**ENTRIES SHOWN**

-=-=-=-=-

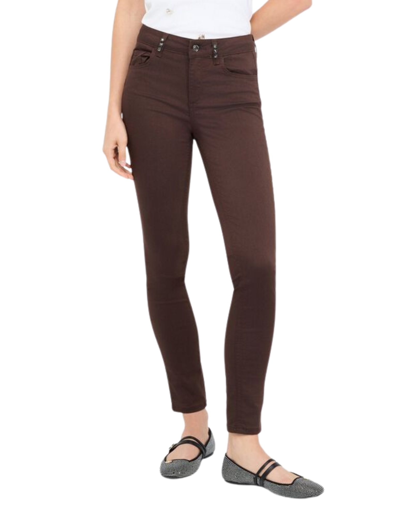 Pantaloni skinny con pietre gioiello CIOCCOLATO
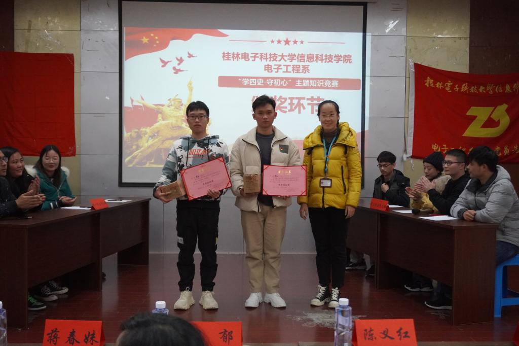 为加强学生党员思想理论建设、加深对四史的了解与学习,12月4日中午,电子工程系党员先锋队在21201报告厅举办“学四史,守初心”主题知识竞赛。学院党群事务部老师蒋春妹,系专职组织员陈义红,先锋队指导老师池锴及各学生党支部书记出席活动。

-=-=-=-=-

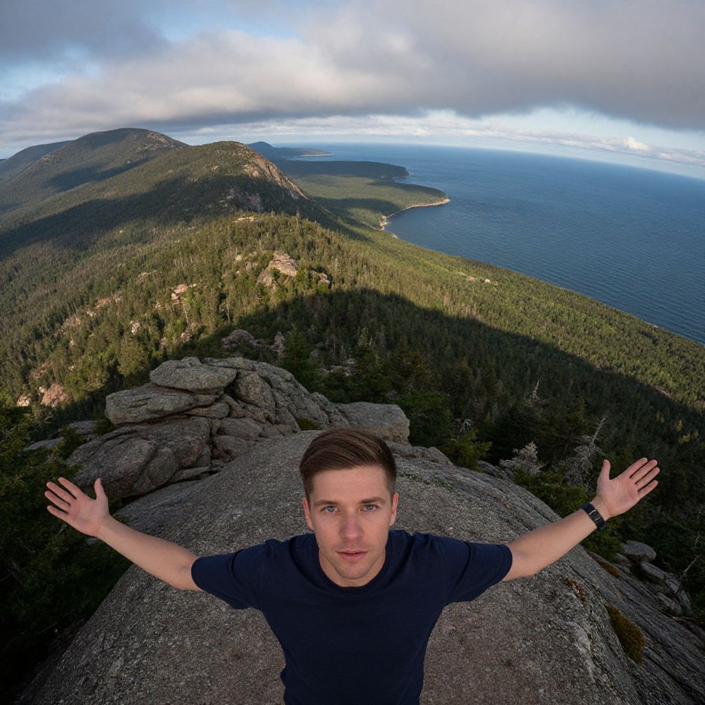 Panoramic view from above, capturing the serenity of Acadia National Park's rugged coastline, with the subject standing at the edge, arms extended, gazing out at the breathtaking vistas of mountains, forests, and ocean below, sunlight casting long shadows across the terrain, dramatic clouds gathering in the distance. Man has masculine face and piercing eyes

-=-=-=-=-

**TRY IT**
Extract from the material above the stretch running from the line containing "Pantaloni skinny con" through the line containing "为加强学生党员思想理论建设、". Keep the text exact and the pictures out.

**EXERCISE ANSWER**
 Pantaloni skinny con pietre gioiello CIOCCOLATO
 为加强学生党员思想理论建设、加深对四史的了解与学习,12月4日中午,电子工程系党员先锋队在21201报告厅举办“学四史,守初心”主题知识竞赛。学院党群事务部老师蒋春妹,系专职组织员陈义红,先锋队指导老师池锴及各学生党支部书记出席活动。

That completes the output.